Last week, the Third Circuit Court of Appeals filed a short order deciding on its own that the Riccio v. Sentry Credit, Inc. case (No. 18-1463) is “controlled by a prior decision of the court which warrants reconsideration” and decided on its own to review the matter en banc—in other words, before all Third Circuit judges rather than just a panel of three judges.
The crux of the Riccio case is whether including a telephone number on an initial collection letter somehow misleads the consumer into thinking he can dispute the debt orally, while the Third Circuit requires all 1692g disputes to be in writing. The district court found in favor of Sentry Credit and dismissed the case, a decision that was promptly appealed by the consumer. The Third Circuit held oral arguments on Riccio and several other similar cases on September 12, 2019, and the order referenced above was the outcome.
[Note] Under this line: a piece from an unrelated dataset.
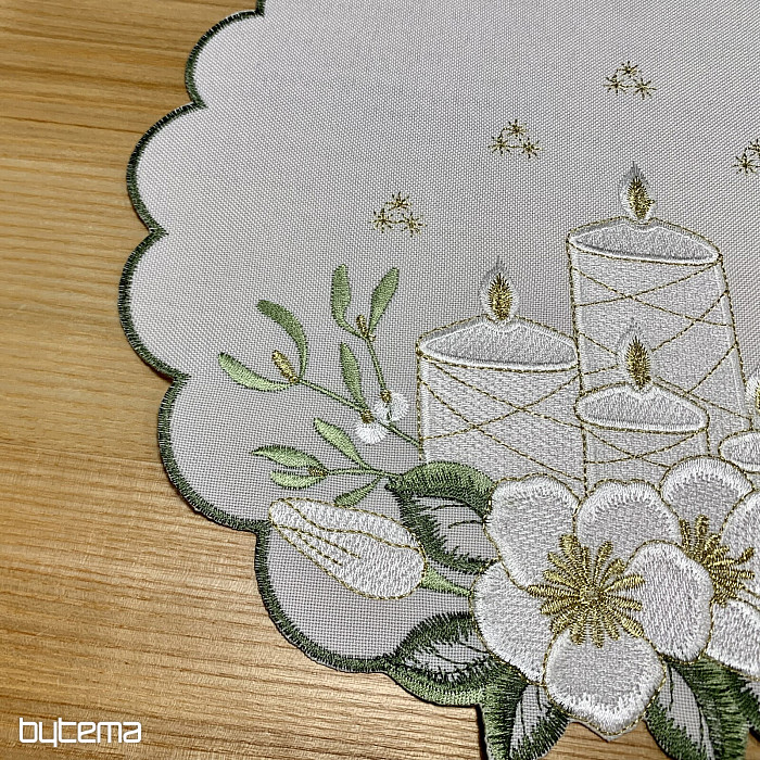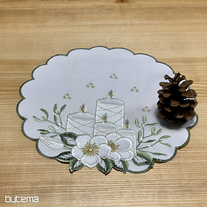 Vkusne a jemne vyšívaná vianočná prestierka s adventnými sviečkami v bielej farbe bude očarujúcim doplnkom u vás doma.

While the Third Circuit did not specify which “prior decision” it will reconsider, it is likely to be Graziano v. Harrison, F.2d 107 (3d Cir. 1991), where the court made its determination that 1692g disputes must be in writing. Graziano not only created a Circuit split on the issue but also spawned many similar decisions within the Third Circuit such as Caprio v. Healthcare Revenue Recovery Group, LLC, 709 F.3d 142 (3d Cir. 2013), which was heavily cited in the consumer’s appellate brief in Riccio.